Task to carry out: Everything from the opening line of the records below through the line with "The 7-digit Interactive" must be duplicated exactly, pictures left out.

Excerpted records:

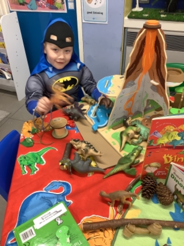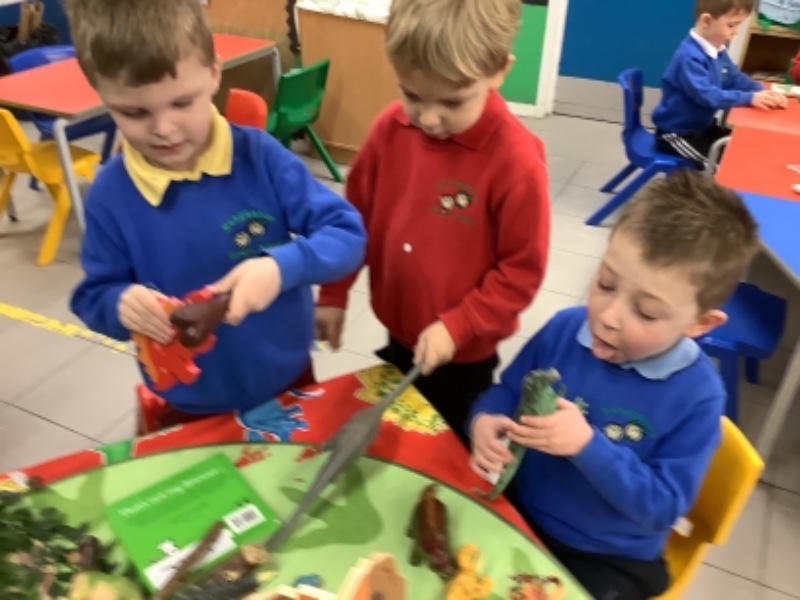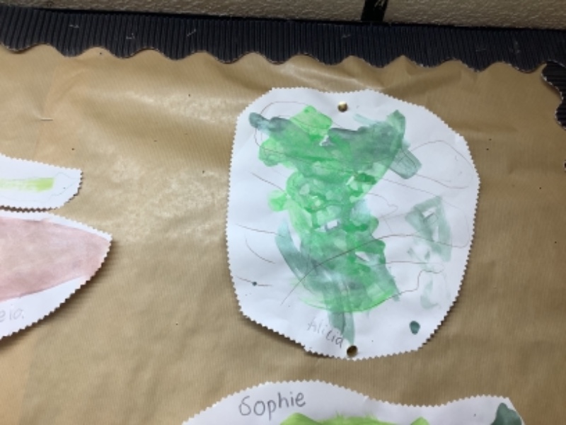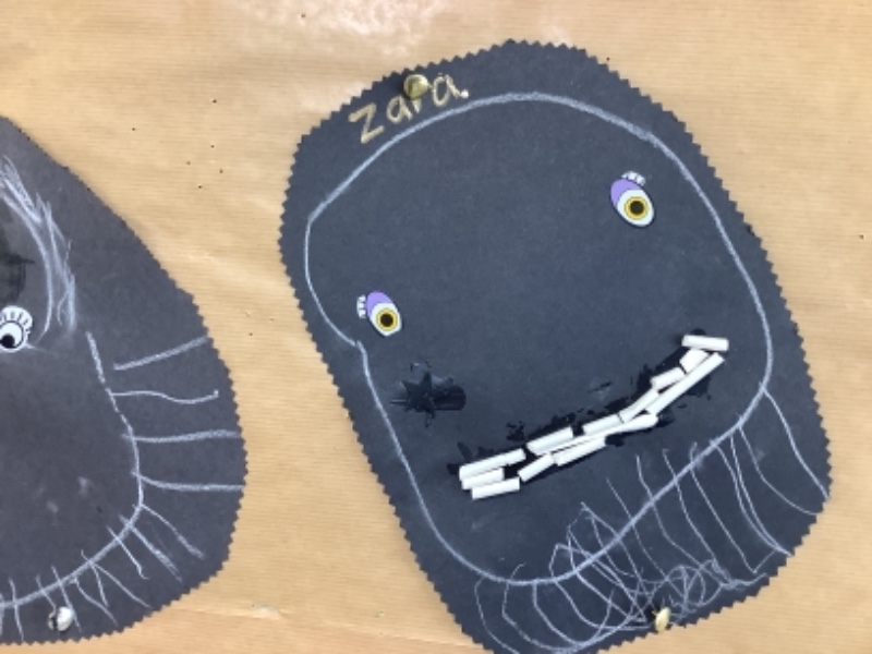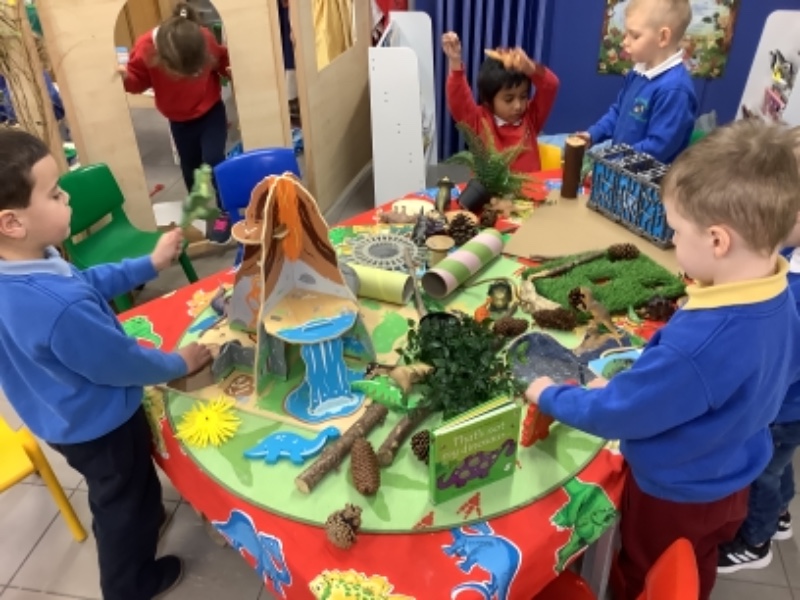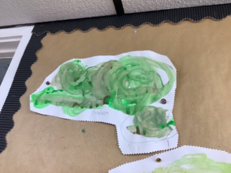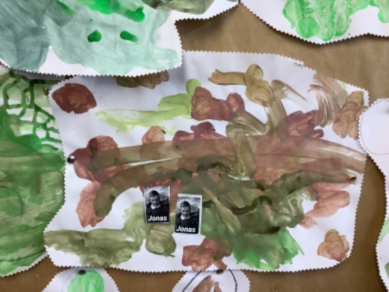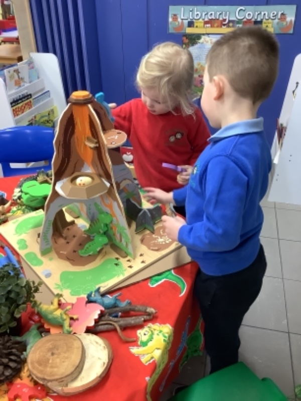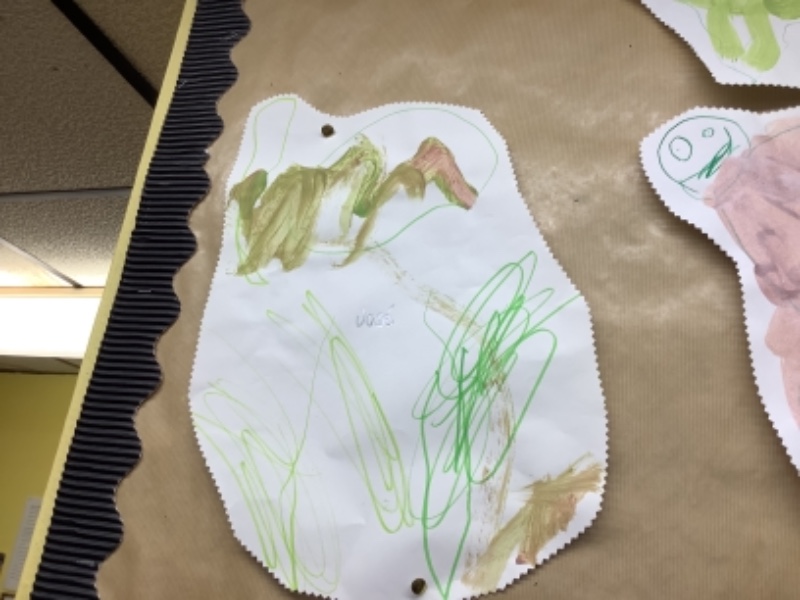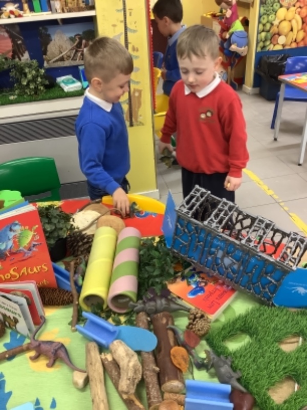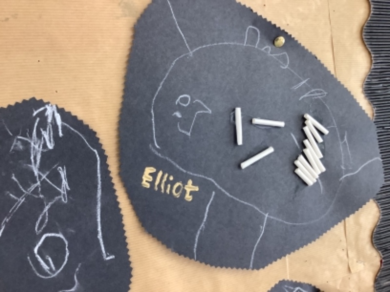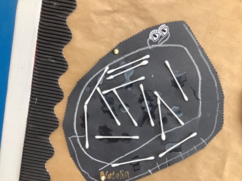 The children mixed paints and painted dinosaur paintings. We joined them altogether and made a giant dinosaur. The children have been digging for dinosaur fossils in the sand. They created dinosaur fossil pictures too.
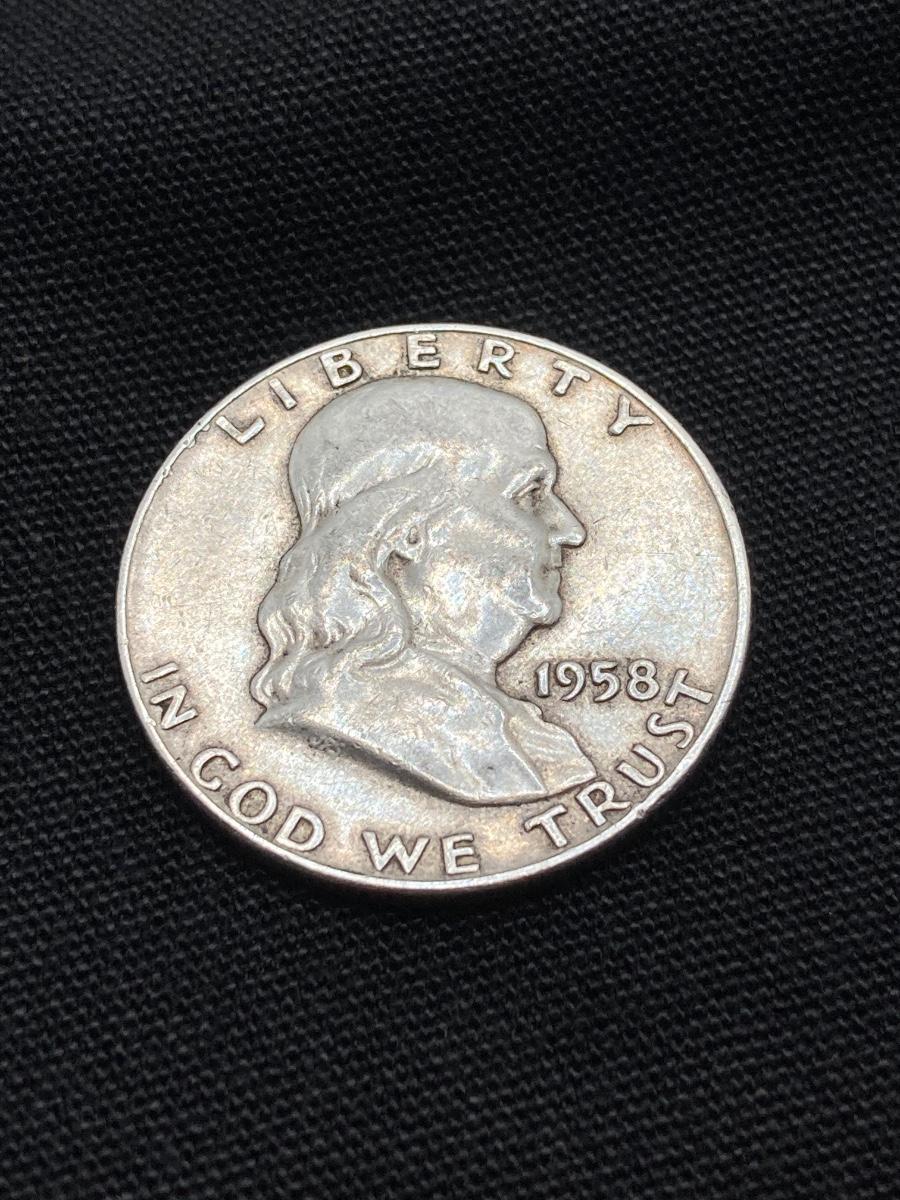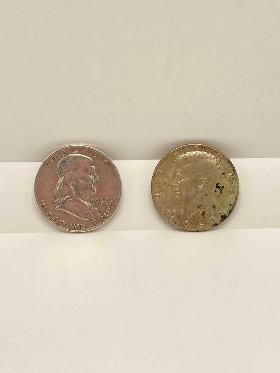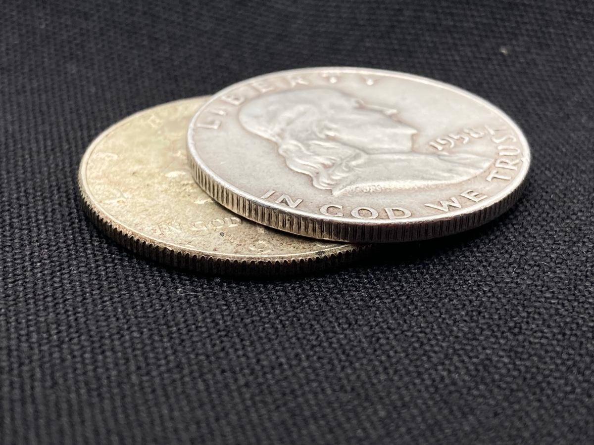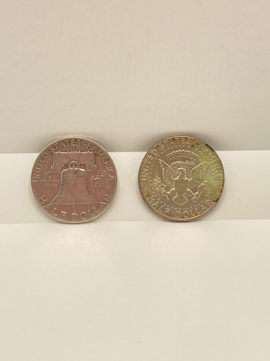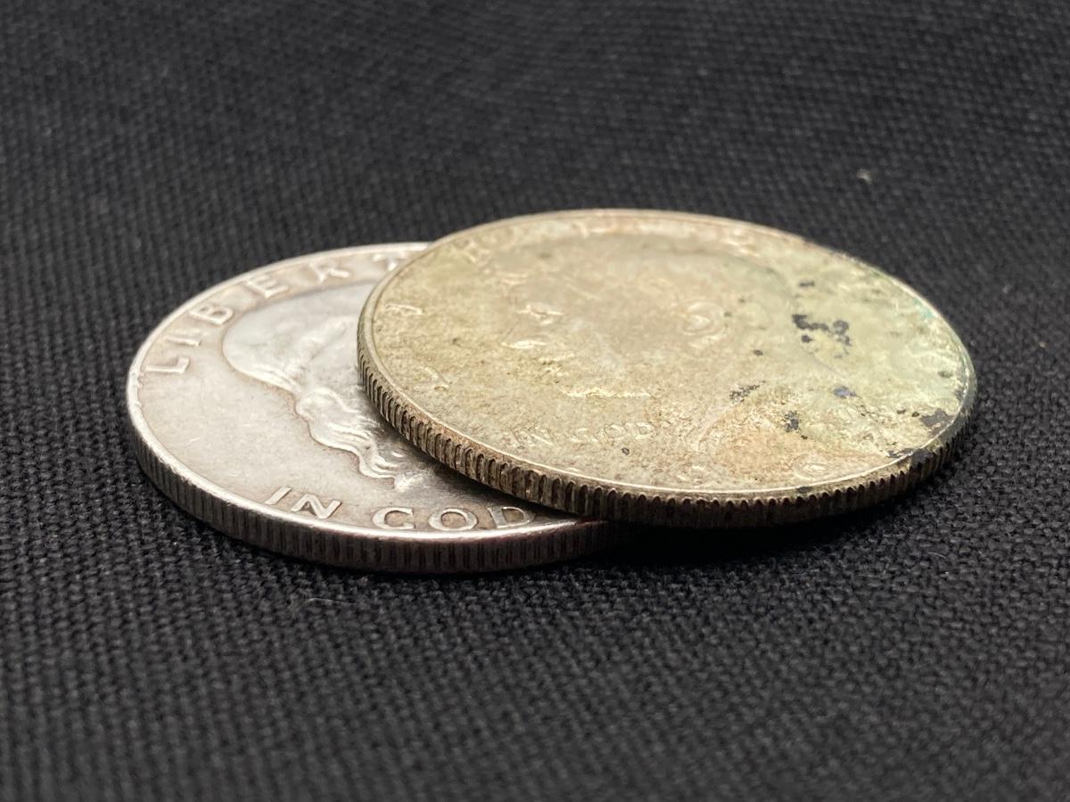 Lot 243: 1958 Franklin Silver Half Dollar Coin and 1967 Kennedy Silver Half Dollar Coin
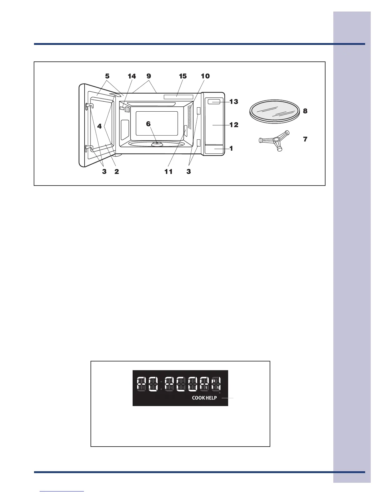 The 7-digit Interactive Display spells out operating steps and shows cooking hints. When HELP is lighted
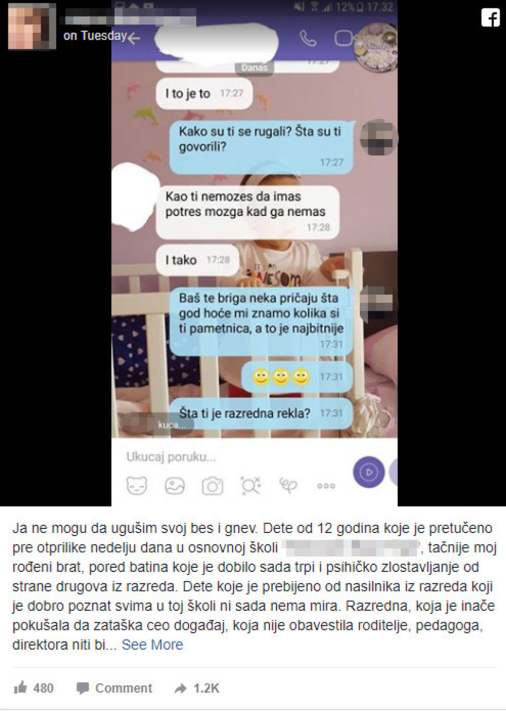 "Ja ne mogu da ugušim svoj bes i gnev. Dete od 12 godina koje je pretučeno pre otprilike nedelju dana u osnovnoj školi "***********", tačnije moj rođeni brat, pored batina koje je dobilo sada trpi i psihičko zlostavljanje od strane drugova iz razreda. Dete koje je prebijeno od nasilnika iz razreda koji je dobro poznat svima u toj školi ni sada nema mira. Razredna, koja je inače pokušala da zataška ceo događaj, koja nije obavestila roditelje, pedagoga, direktora niti bilo koga u toj školi sa slučajem, koliko znam ima dvoje dece! Razredna koja mu je rekla da ne cmizdri kao neka devojčica, da ode u wc da se umije i da ode na sledeći čas ima dvoje dece... Majka. To je nekome majka, roditelj. Pedagogica je bila u šoku kada smo otišli posle par dana od događaja u školu. Pedagogica, koja je na kraju našeg razgovora rekla da su oni drugari i da ih moramo pomiriti. To je rekla nama, majci čije dete ima masnice po rukama i nogama. Čije dete je bačeno na pod i udarilo glavom o isti, i sutradan ujutru povraćalo zbog potresa mozga! Dete koje je pretrpelo ozbiljne psihičke traume treba da se pomiri sa svojim drugarom koji ga vuče, gura, štipa od prvog razreda! Tom detetu se danas rugaju drugovi iz razreda jer je pretučeno. Ti drugovi koji su navijali u svlačionici dok je moj brat dobijao batine!!! To nisu deca, to su male psihopate koje će Bog zna šta biti kada odrastu. Muka mi je dok ovo pišem, od besa se tresem! Muka mi je jer sutra može biti vaše dete, vaš brat, sestra. To je jedno malo dete koje ničim na ovom svetu nije moglo da zasluži da dobije batine!!! Molim sve moje prijatelje da ovo podele u što većem broju, da bi bar od sramote, ako ni od čega drugog, počev od razredne do direktora iz te škole bilo ko odreagovao."
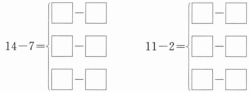 【解析】:先计算出$14 - 7 = 7$,$11 - 2 = 9$,然后根据差是$7$和$9$分别写出减法算式。
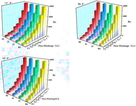 Flow versus Reynolds number, in order of slope 2° (a), 4° (b), and 6° (c).
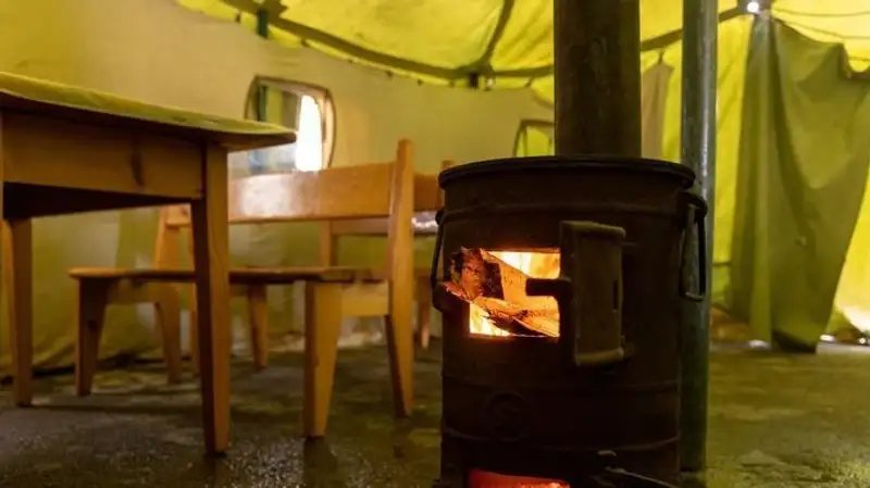 В соседнем Яккасарайском районе в районе Бабура также стоят палатки. Электричество отключили накануне вечером. Жители собрались вокруг печки, пьют чай с печеньем, общаются и ждут плов.

Task response:
 The children mixed paints and painted dinosaur paintings. We joined them altogether and made a giant dinosaur. The children have been digging for dinosaur fossils in the sand. They created dinosaur fossil pictures too.
 Lot 243: 1958 Franklin Silver Half Dollar Coin and 1967 Kennedy Silver Half Dollar Coin
 The 7-digit Interactive Display spells out operating steps and shows cooking hints. When HELP is lighted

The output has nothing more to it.